Defense attorney Kelly Gleason had asked the federal courts to stop Hall from being put to death after other attempts in state courts and with Tennessee's governor had failed. But late Thursday, the U.S. Supreme Court rejected the inmate's 11th-hour request for a stay of execution. The court gave no explanation for its decision.
Previously, Hall's attorneys had been fighting for months to delay the execution plan, arguing that courts should have had the opportunity to weigh new questions surrounding a possible biased juror who helped hand down the death sentence decades ago against Hall, who was formerly known as Leroy Hall Jr.
The woman — simply known as "Juror A"— acknowledged publicly for the first time this year that she failed to disclose she had been repeatedly raped and abused by her former husband during Hall's jury selection process. Hall's attorneys argued the omission deprived him of a fair and impartial jury — a right protected in both the Tennessee and U.S. constitutions
However, both the Tennessee Supreme Court and Gov. Bill Lee declined to step in despite pleas from Hall's attorneys for more time to explore the possible legal concerns.
Lee, a Republican, has not intervened in any of the four execution cases that have come across his desk since he became governor in January. He also has previously declined to weigh in on whether he approves of the state's increased usage of the electric chair, noting instead that it's a legal option in Tennessee.
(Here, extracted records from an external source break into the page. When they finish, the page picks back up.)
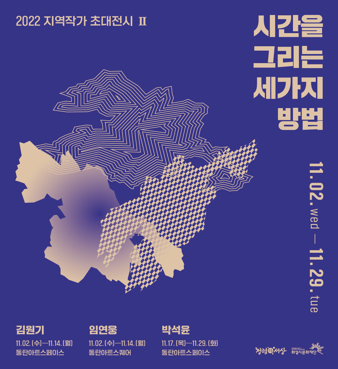 화성시문화재단은 화성시에서 꾸준하고 활발하게 활동하는 예술가들을 지원하기 위해 <시간을 그리는 세가지 방법>을 선보입니다. 이번 전시는 화성시 지역 예술의 다양성과 발전을 보여주기 위해 김원기(1955~), 임연웅(1956~), 박석윤(1960~) 작가를 조명합니다.
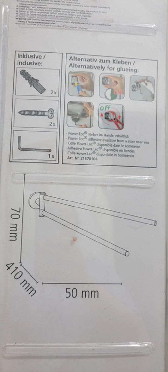 avec deux bras mobiles superposés offrent suffisamment de place pour deux serviettes. Fabriqué en acier inox mat haut de gamme massif, il n'est pas seulement stable, mais aussi utilisable à long terme. Des vis et des chevilles pour la fixation sont fournies.
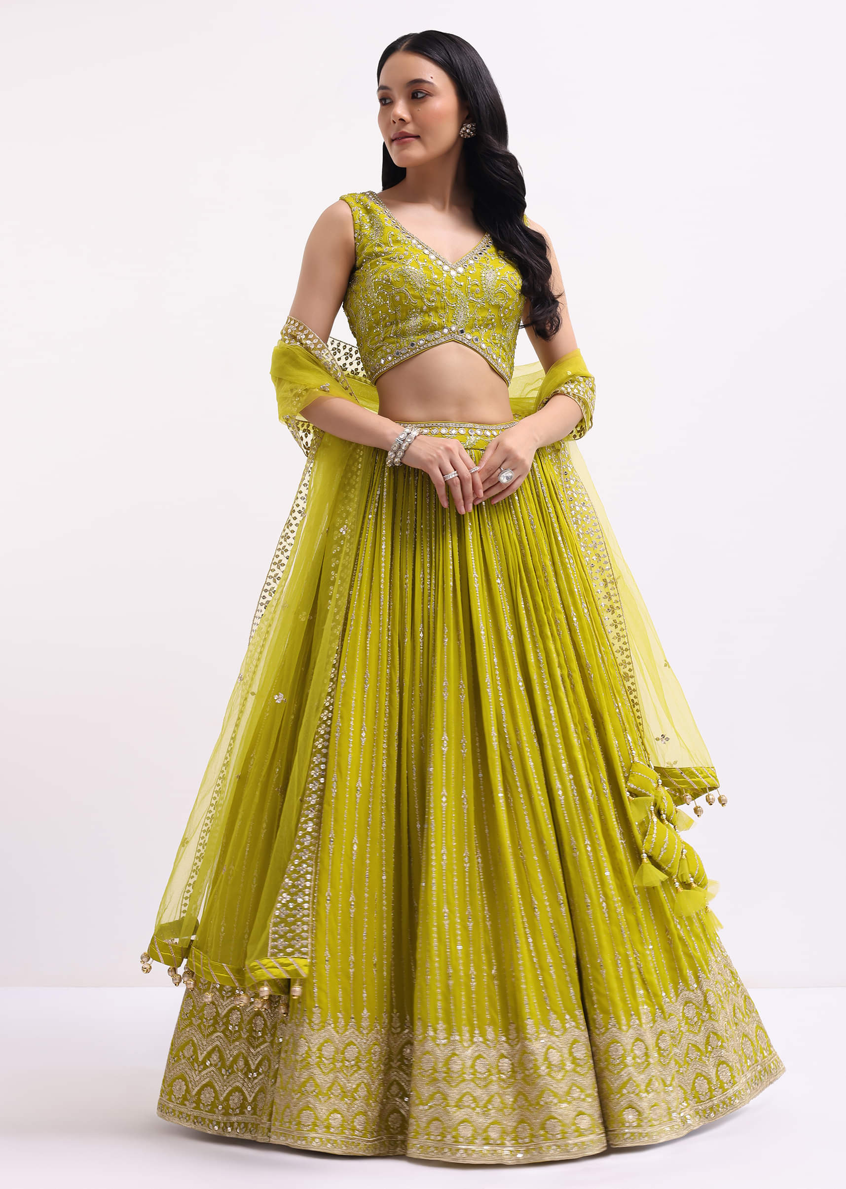 Indulge in the irresistible allure of our lime green lehenga choli set meticulously crafted for mehendi and sangeet festivities. This opulent ensemble boasts a georgette base adorned with exquisite sequins mirrors zari and stone embroidery. Complete with a stunning lehenga a beautifully designed choli and a dupatta Dupatta lace border may vary. Awarded as the Most Trusted Brand, we're delivering styles you love, just as promised.

The U.S. Supreme Court has never ruled on whether use of the electric chair violates the 8th Amendment ban on cruel and unusual punishment, but it came close about 20 years ago after a series of botched electrocutions in Florida.
Meanwhile, state courts in Georgia and Nebraska have declared the electric chair unconstitutional.
The high court has also neither set an upper age limit for executions nor created an exception for a physical infirmity.
Tennessee is one of six states in which inmates can choose the electric chair, but it's the only state that has used the chair in recent years. Three out of five recent inmates put to death in Tennessee have chosen the chair since the state began resuming executions in August 2018.